Chris shared a look with Luke.

"You want some advice?" said Luke to Walt. "Don't get caught in a dark corner with Mr. Engborn."

"Don't you guys have anything better to do than hang around jawboning in that stupid tree house?" Tom shouted from below.

Luke, Walt, and Chris (in that order) leaped to the window and gazed down.

"He's drunk again," Luke whispered to Chris. "He's swaying."

"I know what you're saying about me," Tom called up. "And it isn't true."

"It's true," Walt cried, "that you are not so friendly."

"Yeah," Tom agreed. "That may be true."

"He is drunk," Chris murmured.

"And I'm not going to the prom, you hear that?" Tom added. "I'm
over
school. And all the things connected to it."

"What could that mean?" Walt breathed out.

No one in the tree house said anything more. Tom contented himself with pointing a finger at them, this waving finger, and staring at them, then more or less marching off.

"My cousin is drunk!" said Walt, amazed. "At three o'clock on a sunny children's afternoon! And did you notice he didn't apologize to me for being so rude on President Street?"

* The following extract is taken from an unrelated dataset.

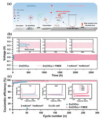 In recent years, the demand for high-efficiency and eco-friendly energy storage technologies has propelled the rapid advancement of rechargeable batteries. Non-aqueous lithium-ion batteries (LIBs) are the predominant rechargeable power sources in the market. However, owing to the limited lithium reserves, high cost, and potential safety hazard of LIBs, the development of alternative electrochemical energy storage technologies has been stimulated [1]. Among these, aqueous zinc ion batteries (ZIBs) have emerged as one of the most promising candidates because of their low cost, non-flammability, and environmental friendliness [2,3]. Zn metal as anode possesses significant advantages such as abundant reserves (100 times that of lithium), high theoretical specific capacity (820 mAh/g and 5855 mAh/cm3), low redox potential (−0.76 V vs. standard hydrogen electrode (SHE)), compatibility with water, and high safety. However, the notorious Zn dendrite growth and side reactions (such as hydrogen evolution reaction (HER), corrosion, and passivation) will cause internal short circuits and low coulombic efficiency (CE) of Zn stripping/ plating [4-10].

Chris said, "We notice many things."

 

Tom didn't go to the prom, but he glided into the post-prom party—a secret party, one of those unknown-to-all-but-the-elite things, where the presence of parents, however earnest and dramatic, does not entirely preclude a couple's finding a spot in which to get to know each other better. Tom was drunk again. Happy and sloppy, with his shirttail hanging out, grinning sideways at everybody, and winking at Connie Dawson's parents: for of course we are once again at the Dawsons'.

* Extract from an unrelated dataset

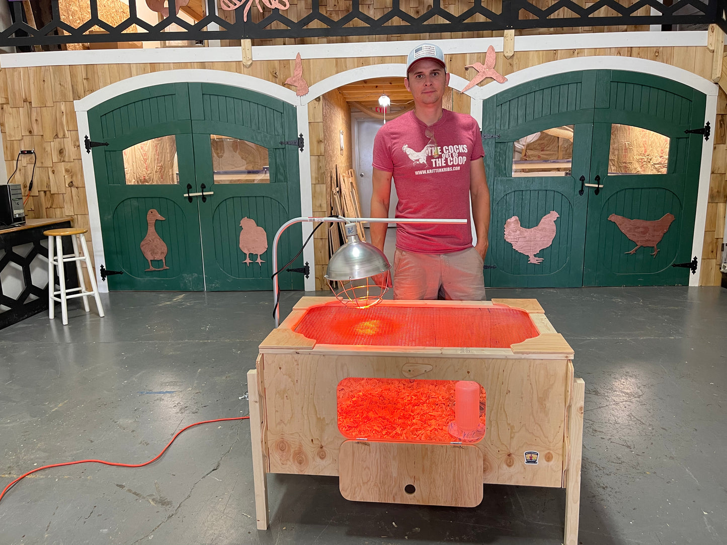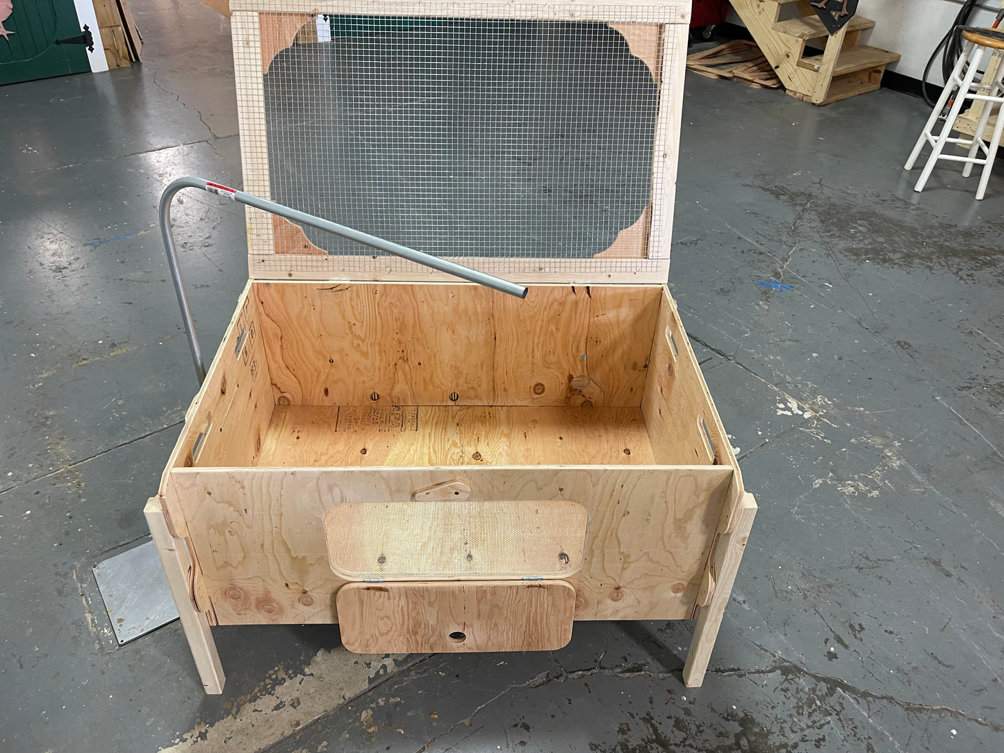 Ben's E-Z Brooder is a compact and portable wooden enclosure designed to provide a safe and nurturing environment for raising chicks. Crafted from high-quality wood, this brooder offers a cozy and secure space for young birds to thrive. With its large size it can double as a chicken hospital for injured full sized birds that need a space separate from the flock. The brooder features a lifting wire mesh lid and front mesh viewing window, allowing easy access for feeding, cleaning, and monitoring the chicks' progress. It also includes a built-in pole holder for the brooder lamb. Ben's E-Z Brooder is designed by award winning inventor Ben Logan and creator of Kritter Kribs. Ben's EZ Brooder quick to assemble and disassemble for easy storage. This practical design is a user-friendly solution for backyard poultry enthusiasts or small-scale farmers looking to raise healthy and vibrant chicks.

Is every party the same party, every summer setting the Dawsons' pool? That's small-town life. So there's Sven Bjornson showing off his swan dive, and Butch "Gross-out" Thorson stalking around like a man who must get laid or else—fat chance—and Susanna Hohner radiating up and down the patio because she had been anointed Queen of the Prom. Another of those Sawtooth High parties.

Something new happened at this one. Tom pulled Chris close and asked her why they hadn't ever done it together.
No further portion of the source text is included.